Brady Cobb of Martin County, founder of One Plant. Photo by Shaun Cruz

In just a few years, Treasure Coast could become an international hub for one of the fastest growing industries in the country. A large research center helps attract start-ups and other companies to the region. This may all sound familiar, but it’s not about Scripps and the biotech industry. It’s about an industry that was only recently legal but already employs thousands of people locally: cannabis.

“Martin and St. Lucie counties have deep agricultural roots and this company could be a good economic engine for the foreseeable future,” said Brady Cobb, a graduate of Martin County High School and founder of a cannabis startup that’s now worth several million. With a government-sponsored research laboratory (the U.S. Horticultural Research Laboratory) and thousands of acres of farmland potentially convertible to house growing, an area known for its largely conservative culture will soon appear to be home to a less conservative one Area to become booming industry.

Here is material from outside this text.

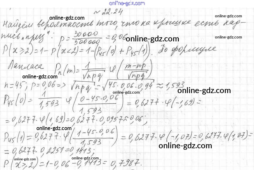 Готовые домашние задания по Алгебре за 11 класс Учебник Мерзляк, Номировский Алгоритм успеха Углубленный уровень 2019 - §22. Схема Бернулли. Биномиальное распределение 22.24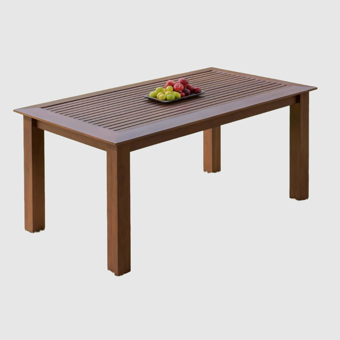 The unique slatted tabletop not only adds a contemporary look but also provides better airflow and easy maintenance, making it ideal for both indoor and semi-outdoor use. The solid wooden legs offer excellent stability and support, ensuring a sturdy structure for everyday use.

Cobb calls his employees in the One Plant greenhouse a “dream team of cannabis growers and purists”. One Plant photos by Shaun Cruz

Cobb, an attorney at his own law firm, joined the cannabis business’s finance department in 2012 and began lobbying for changes to the law regarding marijuana in Tallahassee and DC. His interest in all of this was piqued while caring for his ailing father, Clyde Walton “Bill” Cobb, who became a drug smuggler decades ago after an unexpected encounter. He had been to his Pensacola farm one day when a trailer truck broke nearby. The drivers asked the older Cobb if they could keep a few things in his barn for a little while; in return they promised him $ 70,000. Cobb agreed – and this decision was the first step in becoming a major dealer for Pablo Escobar. Cobb was arrested for smuggling in 1983 and was serving time in prison. After his release, he developed prostate cancer, which would cost his life in 2010.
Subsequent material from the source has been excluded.